=== PROVIDED DATA ===
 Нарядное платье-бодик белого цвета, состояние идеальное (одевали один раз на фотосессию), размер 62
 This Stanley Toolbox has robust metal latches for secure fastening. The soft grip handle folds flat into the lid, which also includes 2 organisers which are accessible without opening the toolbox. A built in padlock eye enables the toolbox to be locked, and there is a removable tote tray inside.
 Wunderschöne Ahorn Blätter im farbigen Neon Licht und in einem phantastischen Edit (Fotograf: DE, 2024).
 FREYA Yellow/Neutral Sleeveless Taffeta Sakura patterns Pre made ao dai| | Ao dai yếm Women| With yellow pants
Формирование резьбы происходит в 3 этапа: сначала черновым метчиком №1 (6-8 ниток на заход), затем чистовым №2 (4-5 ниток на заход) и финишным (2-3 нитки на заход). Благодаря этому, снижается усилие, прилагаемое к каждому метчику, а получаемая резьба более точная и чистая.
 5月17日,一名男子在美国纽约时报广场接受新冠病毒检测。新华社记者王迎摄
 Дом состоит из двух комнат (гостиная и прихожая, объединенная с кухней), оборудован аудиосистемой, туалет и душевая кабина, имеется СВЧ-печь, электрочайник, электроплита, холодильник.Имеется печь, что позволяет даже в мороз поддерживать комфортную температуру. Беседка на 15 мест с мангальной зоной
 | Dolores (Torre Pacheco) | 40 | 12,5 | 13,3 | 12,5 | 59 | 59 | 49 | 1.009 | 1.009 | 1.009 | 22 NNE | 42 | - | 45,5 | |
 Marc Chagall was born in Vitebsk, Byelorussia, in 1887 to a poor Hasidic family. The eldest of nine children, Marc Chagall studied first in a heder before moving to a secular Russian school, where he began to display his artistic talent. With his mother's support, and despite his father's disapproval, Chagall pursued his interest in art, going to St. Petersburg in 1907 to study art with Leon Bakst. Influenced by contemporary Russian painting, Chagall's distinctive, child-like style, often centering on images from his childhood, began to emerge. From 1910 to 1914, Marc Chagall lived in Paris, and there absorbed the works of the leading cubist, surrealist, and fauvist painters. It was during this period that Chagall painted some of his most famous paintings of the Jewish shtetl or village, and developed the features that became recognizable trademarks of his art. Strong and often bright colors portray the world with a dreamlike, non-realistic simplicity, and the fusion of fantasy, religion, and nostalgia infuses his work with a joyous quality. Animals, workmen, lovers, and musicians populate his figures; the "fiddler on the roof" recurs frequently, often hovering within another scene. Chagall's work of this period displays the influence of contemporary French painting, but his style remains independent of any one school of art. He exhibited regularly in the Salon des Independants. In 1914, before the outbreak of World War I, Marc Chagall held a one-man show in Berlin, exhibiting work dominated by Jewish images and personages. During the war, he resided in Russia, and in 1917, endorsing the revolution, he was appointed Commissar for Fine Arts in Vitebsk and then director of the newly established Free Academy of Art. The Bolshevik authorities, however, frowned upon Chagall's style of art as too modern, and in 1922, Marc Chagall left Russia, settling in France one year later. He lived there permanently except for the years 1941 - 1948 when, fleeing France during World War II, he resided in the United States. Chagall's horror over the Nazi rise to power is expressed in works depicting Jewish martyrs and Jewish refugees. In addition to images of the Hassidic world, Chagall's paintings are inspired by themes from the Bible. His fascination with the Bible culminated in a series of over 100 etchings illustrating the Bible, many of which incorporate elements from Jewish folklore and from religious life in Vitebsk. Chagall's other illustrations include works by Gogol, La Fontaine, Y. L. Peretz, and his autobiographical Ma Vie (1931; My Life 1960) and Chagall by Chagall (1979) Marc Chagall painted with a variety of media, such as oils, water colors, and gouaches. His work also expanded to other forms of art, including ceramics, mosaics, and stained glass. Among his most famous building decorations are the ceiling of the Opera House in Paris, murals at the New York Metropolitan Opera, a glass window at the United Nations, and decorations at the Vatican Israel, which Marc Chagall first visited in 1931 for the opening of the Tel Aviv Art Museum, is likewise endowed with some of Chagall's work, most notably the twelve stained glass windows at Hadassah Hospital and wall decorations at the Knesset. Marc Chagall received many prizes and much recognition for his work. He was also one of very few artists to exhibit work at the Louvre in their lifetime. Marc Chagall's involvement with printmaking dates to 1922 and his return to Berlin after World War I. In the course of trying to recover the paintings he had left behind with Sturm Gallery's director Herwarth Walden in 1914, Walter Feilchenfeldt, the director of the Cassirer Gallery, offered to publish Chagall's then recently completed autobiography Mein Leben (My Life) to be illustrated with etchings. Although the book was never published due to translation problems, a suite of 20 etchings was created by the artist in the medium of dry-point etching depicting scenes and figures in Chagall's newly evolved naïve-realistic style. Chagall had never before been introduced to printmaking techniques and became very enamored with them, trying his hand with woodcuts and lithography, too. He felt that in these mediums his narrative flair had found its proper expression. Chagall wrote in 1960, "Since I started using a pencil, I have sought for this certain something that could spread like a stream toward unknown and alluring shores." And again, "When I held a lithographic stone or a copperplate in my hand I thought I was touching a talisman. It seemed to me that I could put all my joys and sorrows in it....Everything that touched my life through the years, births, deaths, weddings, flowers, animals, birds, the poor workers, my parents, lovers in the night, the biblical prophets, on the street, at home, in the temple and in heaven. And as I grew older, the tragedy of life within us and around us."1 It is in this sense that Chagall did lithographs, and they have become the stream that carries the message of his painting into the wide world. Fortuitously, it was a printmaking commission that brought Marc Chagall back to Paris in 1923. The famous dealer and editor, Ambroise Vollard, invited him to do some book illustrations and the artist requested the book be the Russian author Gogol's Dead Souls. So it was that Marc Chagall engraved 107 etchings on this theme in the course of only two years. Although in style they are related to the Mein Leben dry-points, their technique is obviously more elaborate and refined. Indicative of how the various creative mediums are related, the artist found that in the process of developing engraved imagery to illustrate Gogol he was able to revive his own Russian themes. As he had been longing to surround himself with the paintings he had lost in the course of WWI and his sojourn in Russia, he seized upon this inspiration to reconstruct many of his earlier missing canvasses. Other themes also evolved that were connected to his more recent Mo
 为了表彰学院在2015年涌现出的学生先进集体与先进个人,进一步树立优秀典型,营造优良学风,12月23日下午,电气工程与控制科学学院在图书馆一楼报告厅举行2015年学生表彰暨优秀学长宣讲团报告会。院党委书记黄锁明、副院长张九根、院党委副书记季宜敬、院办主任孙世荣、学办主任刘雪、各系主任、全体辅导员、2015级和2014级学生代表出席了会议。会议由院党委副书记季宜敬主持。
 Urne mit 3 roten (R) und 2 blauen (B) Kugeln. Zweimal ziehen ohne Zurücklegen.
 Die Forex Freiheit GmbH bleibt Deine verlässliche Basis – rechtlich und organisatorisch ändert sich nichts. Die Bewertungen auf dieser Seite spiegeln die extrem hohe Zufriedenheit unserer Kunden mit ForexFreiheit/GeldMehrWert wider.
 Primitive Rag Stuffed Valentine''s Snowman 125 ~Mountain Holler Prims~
===
A full, exact copy of the entries is the required answer.

 Нарядное платье-бодик белого цвета, состояние идеальное (одевали один раз на фотосессию), размер 62
 This Stanley Toolbox has robust metal latches for secure fastening. The soft grip handle folds flat into the lid, which also includes 2 organisers which are accessible without opening the toolbox. A built in padlock eye enables the toolbox to be locked, and there is a removable tote tray inside.
 Wunderschöne Ahorn Blätter im farbigen Neon Licht und in einem phantastischen Edit (Fotograf: DE, 2024).
 FREYA Yellow/Neutral Sleeveless Taffeta Sakura patterns Pre made ao dai| | Ao dai yếm Women| With yellow pants
Формирование резьбы происходит в 3 этапа: сначала черновым метчиком №1 (6-8 ниток на заход), затем чистовым №2 (4-5 ниток на заход) и финишным (2-3 нитки на заход). Благодаря этому, снижается усилие, прилагаемое к каждому метчику, а получаемая резьба более точная и чистая.
 5月17日,一名男子在美国纽约时报广场接受新冠病毒检测。新华社记者王迎摄
 Дом состоит из двух комнат (гостиная и прихожая, объединенная с кухней), оборудован аудиосистемой, туалет и душевая кабина, имеется СВЧ-печь, электрочайник, электроплита, холодильник.Имеется печь, что позволяет даже в мороз поддерживать комфортную температуру. Беседка на 15 мест с мангальной зоной
 | Dolores (Torre Pacheco) | 40 | 12,5 | 13,3 | 12,5 | 59 | 59 | 49 | 1.009 | 1.009 | 1.009 | 22 NNE | 42 | - | 45,5 | |
 Marc Chagall was born in Vitebsk, Byelorussia, in 1887 to a poor Hasidic family. The eldest of nine children, Marc Chagall studied first in a heder before moving to a secular Russian school, where he began to display his artistic talent. With his mother's support, and despite his father's disapproval, Chagall pursued his interest in art, going to St. Petersburg in 1907 to study art with Leon Bakst. Influenced by contemporary Russian painting, Chagall's distinctive, child-like style, often centering on images from his childhood, began to emerge. From 1910 to 1914, Marc Chagall lived in Paris, and there absorbed the works of the leading cubist, surrealist, and fauvist painters. It was during this period that Chagall painted some of his most famous paintings of the Jewish shtetl or village, and developed the features that became recognizable trademarks of his art. Strong and often bright colors portray the world with a dreamlike, non-realistic simplicity, and the fusion of fantasy, religion, and nostalgia infuses his work with a joyous quality. Animals, workmen, lovers, and musicians populate his figures; the "fiddler on the roof" recurs frequently, often hovering within another scene. Chagall's work of this period displays the influence of contemporary French painting, but his style remains independent of any one school of art. He exhibited regularly in the Salon des Independants. In 1914, before the outbreak of World War I, Marc Chagall held a one-man show in Berlin, exhibiting work dominated by Jewish images and personages. During the war, he resided in Russia, and in 1917, endorsing the revolution, he was appointed Commissar for Fine Arts in Vitebsk and then director of the newly established Free Academy of Art. The Bolshevik authorities, however, frowned upon Chagall's style of art as too modern, and in 1922, Marc Chagall left Russia, settling in France one year later. He lived there permanently except for the years 1941 - 1948 when, fleeing France during World War II, he resided in the United States. Chagall's horror over the Nazi rise to power is expressed in works depicting Jewish martyrs and Jewish refugees. In addition to images of the Hassidic world, Chagall's paintings are inspired by themes from the Bible. His fascination with the Bible culminated in a series of over 100 etchings illustrating the Bible, many of which incorporate elements from Jewish folklore and from religious life in Vitebsk. Chagall's other illustrations include works by Gogol, La Fontaine, Y. L. Peretz, and his autobiographical Ma Vie (1931; My Life 1960) and Chagall by Chagall (1979) Marc Chagall painted with a variety of media, such as oils, water colors, and gouaches. His work also expanded to other forms of art, including ceramics, mosaics, and stained glass. Among his most famous building decorations are the ceiling of the Opera House in Paris, murals at the New York Metropolitan Opera, a glass window at the United Nations, and decorations at the Vatican Israel, which Marc Chagall first visited in 1931 for the opening of the Tel Aviv Art Museum, is likewise endowed with some of Chagall's work, most notably the twelve stained glass windows at Hadassah Hospital and wall decorations at the Knesset. Marc Chagall received many prizes and much recognition for his work. He was also one of very few artists to exhibit work at the Louvre in their lifetime. Marc Chagall's involvement with printmaking dates to 1922 and his return to Berlin after World War I. In the course of trying to recover the paintings he had left behind with Sturm Gallery's director Herwarth Walden in 1914, Walter Feilchenfeldt, the director of the Cassirer Gallery, offered to publish Chagall's then recently completed autobiography Mein Leben (My Life) to be illustrated with etchings. Although the book was never published due to translation problems, a suite of 20 etchings was created by the artist in the medium of dry-point etching depicting scenes and figures in Chagall's newly evolved naïve-realistic style. Chagall had never before been introduced to printmaking techniques and became very enamored with them, trying his hand with woodcuts and lithography, too. He felt that in these mediums his narrative flair had found its proper expression. Chagall wrote in 1960, "Since I started using a pencil, I have sought for this certain something that could spread like a stream toward unknown and alluring shores." And again, "When I held a lithographic stone or a copperplate in my hand I thought I was touching a talisman. It seemed to me that I could put all my joys and sorrows in it....Everything that touched my life through the years, births, deaths, weddings, flowers, animals, birds, the poor workers, my parents, lovers in the night, the biblical prophets, on the street, at home, in the temple and in heaven. And as I grew older, the tragedy of life within us and around us."1 It is in this sense that Chagall did lithographs, and they have become the stream that carries the message of his painting into the wide world. Fortuitously, it was a printmaking commission that brought Marc Chagall back to Paris in 1923. The famous dealer and editor, Ambroise Vollard, invited him to do some book illustrations and the artist requested the book be the Russian author Gogol's Dead Souls. So it was that Marc Chagall engraved 107 etchings on this theme in the course of only two years. Although in style they are related to the Mein Leben dry-points, their technique is obviously more elaborate and refined. Indicative of how the various creative mediums are related, the artist found that in the process of developing engraved imagery to illustrate Gogol he was able to revive his own Russian themes. As he had been longing to surround himself with the paintings he had lost in the course of WWI and his sojourn in Russia, he seized upon this inspiration to reconstruct many of his earlier missing canvasses. Other themes also evolved that were connected to his more recent Mo
 为了表彰学院在2015年涌现出的学生先进集体与先进个人,进一步树立优秀典型,营造优良学风,12月23日下午,电气工程与控制科学学院在图书馆一楼报告厅举行2015年学生表彰暨优秀学长宣讲团报告会。院党委书记黄锁明、副院长张九根、院党委副书记季宜敬、院办主任孙世荣、学办主任刘雪、各系主任、全体辅导员、2015级和2014级学生代表出席了会议。会议由院党委副书记季宜敬主持。
 Urne mit 3 roten (R) und 2 blauen (B) Kugeln. Zweimal ziehen ohne Zurücklegen.
 Die Forex Freiheit GmbH bleibt Deine verlässliche Basis – rechtlich und organisatorisch ändert sich nichts. Die Bewertungen auf dieser Seite spiegeln die extrem hohe Zufriedenheit unserer Kunden mit ForexFreiheit/GeldMehrWert wider.
 Primitive Rag Stuffed Valentine''s Snowman 125 ~Mountain Holler Prims~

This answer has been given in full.